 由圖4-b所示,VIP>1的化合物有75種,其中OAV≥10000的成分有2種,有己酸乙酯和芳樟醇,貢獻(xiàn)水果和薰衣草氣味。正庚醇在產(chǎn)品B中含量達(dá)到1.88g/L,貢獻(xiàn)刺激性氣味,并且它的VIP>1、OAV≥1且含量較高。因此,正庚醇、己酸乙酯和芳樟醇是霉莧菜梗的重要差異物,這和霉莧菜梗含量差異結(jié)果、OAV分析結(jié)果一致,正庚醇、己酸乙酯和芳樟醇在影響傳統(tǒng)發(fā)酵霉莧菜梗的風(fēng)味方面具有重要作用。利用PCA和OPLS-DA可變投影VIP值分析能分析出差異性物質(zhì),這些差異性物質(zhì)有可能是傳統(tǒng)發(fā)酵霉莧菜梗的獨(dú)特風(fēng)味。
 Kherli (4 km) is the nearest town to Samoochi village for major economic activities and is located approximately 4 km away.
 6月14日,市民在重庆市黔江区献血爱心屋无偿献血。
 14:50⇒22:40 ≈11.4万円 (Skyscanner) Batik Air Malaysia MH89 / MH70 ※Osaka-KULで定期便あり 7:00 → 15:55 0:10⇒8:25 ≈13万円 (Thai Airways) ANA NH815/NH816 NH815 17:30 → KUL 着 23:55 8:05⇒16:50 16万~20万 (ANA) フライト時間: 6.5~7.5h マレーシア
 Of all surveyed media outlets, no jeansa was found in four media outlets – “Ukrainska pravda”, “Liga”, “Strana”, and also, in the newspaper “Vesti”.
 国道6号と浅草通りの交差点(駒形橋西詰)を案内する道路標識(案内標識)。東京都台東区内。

_____

_Exercise objective_
Repeat verbatim the line holding "14:50⇒22:40 ≈11.4万円 (Skyscanner)" and all lines after it, up to the end of the material.

_Your response_
 14:50⇒22:40 ≈11.4万円 (Skyscanner) Batik Air Malaysia MH89 / MH70 ※Osaka-KULで定期便あり 7:00 → 15:55 0:10⇒8:25 ≈13万円 (Thai Airways) ANA NH815/NH816 NH815 17:30 → KUL 着 23:55 8:05⇒16:50 16万~20万 (ANA) フライト時間: 6.5~7.5h マレーシア
 Of all surveyed media outlets, no jeansa was found in four media outlets – “Ukrainska pravda”, “Liga”, “Strana”, and also, in the newspaper “Vesti”.
 国道6号と浅草通りの交差点(駒形橋西詰)を案内する道路標識(案内標識)。東京都台東区内。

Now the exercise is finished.